TASK ITEM ::
Copy the lines below as they are; omit the images they contain.

GIVEN RECORDS ::
------------------------------

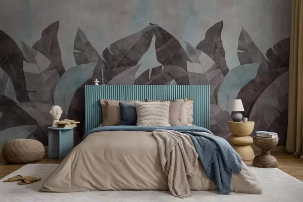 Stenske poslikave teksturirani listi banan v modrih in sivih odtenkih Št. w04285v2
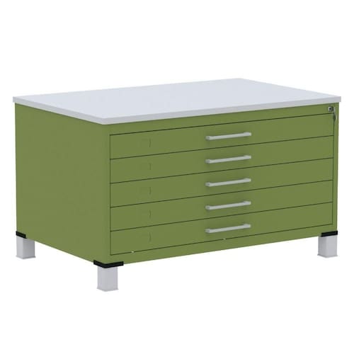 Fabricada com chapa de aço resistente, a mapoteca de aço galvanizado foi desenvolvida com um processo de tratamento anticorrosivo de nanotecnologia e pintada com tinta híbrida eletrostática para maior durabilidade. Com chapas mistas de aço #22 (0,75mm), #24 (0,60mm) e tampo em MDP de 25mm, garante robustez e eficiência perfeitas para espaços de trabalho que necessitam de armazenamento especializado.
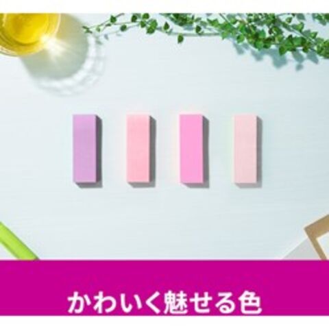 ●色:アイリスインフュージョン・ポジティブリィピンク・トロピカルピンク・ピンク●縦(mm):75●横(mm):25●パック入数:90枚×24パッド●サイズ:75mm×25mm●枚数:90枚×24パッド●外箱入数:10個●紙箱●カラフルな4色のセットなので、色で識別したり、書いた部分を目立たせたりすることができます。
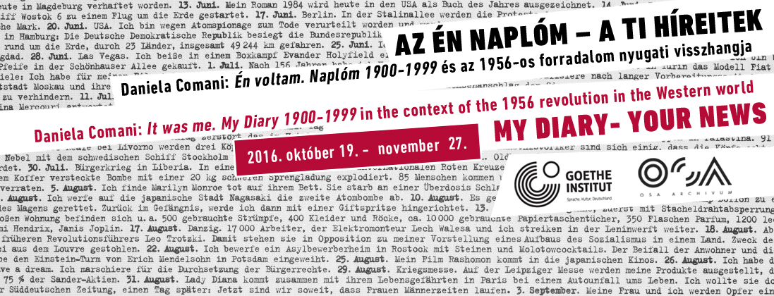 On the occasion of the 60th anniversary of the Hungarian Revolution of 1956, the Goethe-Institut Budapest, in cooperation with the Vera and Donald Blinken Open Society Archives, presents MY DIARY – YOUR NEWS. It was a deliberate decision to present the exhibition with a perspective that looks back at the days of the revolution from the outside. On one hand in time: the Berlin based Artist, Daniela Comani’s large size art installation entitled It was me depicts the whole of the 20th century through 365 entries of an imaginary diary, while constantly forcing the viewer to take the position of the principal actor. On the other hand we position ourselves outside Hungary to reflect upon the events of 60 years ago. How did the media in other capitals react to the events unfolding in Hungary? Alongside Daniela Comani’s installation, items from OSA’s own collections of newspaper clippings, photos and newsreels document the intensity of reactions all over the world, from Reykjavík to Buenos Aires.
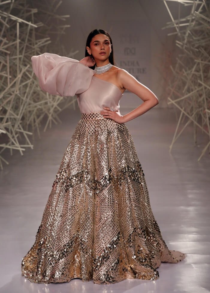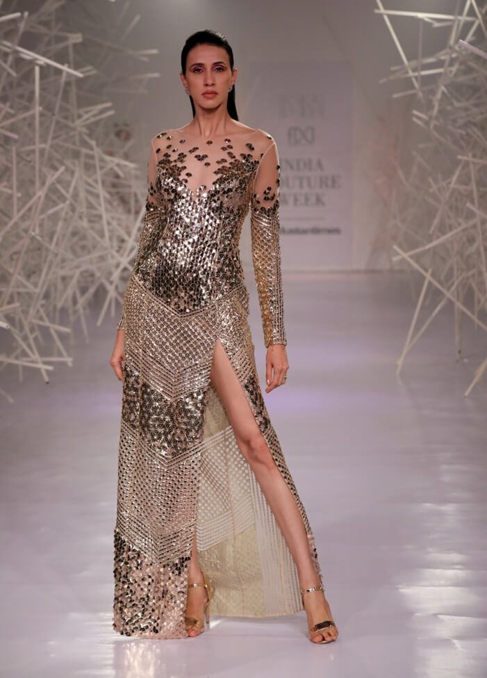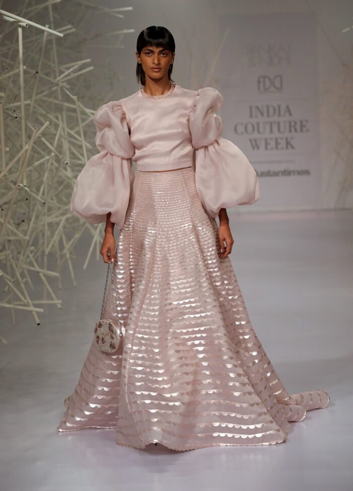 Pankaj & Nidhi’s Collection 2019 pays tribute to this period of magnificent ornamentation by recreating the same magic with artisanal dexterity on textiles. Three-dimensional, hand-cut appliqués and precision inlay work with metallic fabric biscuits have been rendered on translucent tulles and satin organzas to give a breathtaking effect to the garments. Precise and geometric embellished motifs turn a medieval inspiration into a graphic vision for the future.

------------------------------

ANSWER TO THIS EXERCISE ::
 Stenske poslikave teksturirani listi banan v modrih in sivih odtenkih Št. w04285v2
 Fabricada com chapa de aço resistente, a mapoteca de aço galvanizado foi desenvolvida com um processo de tratamento anticorrosivo de nanotecnologia e pintada com tinta híbrida eletrostática para maior durabilidade. Com chapas mistas de aço #22 (0,75mm), #24 (0,60mm) e tampo em MDP de 25mm, garante robustez e eficiência perfeitas para espaços de trabalho que necessitam de armazenamento especializado.
 ●色:アイリスインフュージョン・ポジティブリィピンク・トロピカルピンク・ピンク●縦(mm):75●横(mm):25●パック入数:90枚×24パッド●サイズ:75mm×25mm●枚数:90枚×24パッド●外箱入数:10個●紙箱●カラフルな4色のセットなので、色で識別したり、書いた部分を目立たせたりすることができます。
 On the occasion of the 60th anniversary of the Hungarian Revolution of 1956, the Goethe-Institut Budapest, in cooperation with the Vera and Donald Blinken Open Society Archives, presents MY DIARY – YOUR NEWS. It was a deliberate decision to present the exhibition with a perspective that looks back at the days of the revolution from the outside. On one hand in time: the Berlin based Artist, Daniela Comani’s large size art installation entitled It was me depicts the whole of the 20th century through 365 entries of an imaginary diary, while constantly forcing the viewer to take the position of the principal actor. On the other hand we position ourselves outside Hungary to reflect upon the events of 60 years ago. How did the media in other capitals react to the events unfolding in Hungary? Alongside Daniela Comani’s installation, items from OSA’s own collections of newspaper clippings, photos and newsreels document the intensity of reactions all over the world, from Reykjavík to Buenos Aires.
 Pankaj & Nidhi’s Collection 2019 pays tribute to this period of magnificent ornamentation by recreating the same magic with artisanal dexterity on textiles. Three-dimensional, hand-cut appliqués and precision inlay work with metallic fabric biscuits have been rendered on translucent tulles and satin organzas to give a breathtaking effect to the garments. Precise and geometric embellished motifs turn a medieval inspiration into a graphic vision for the future.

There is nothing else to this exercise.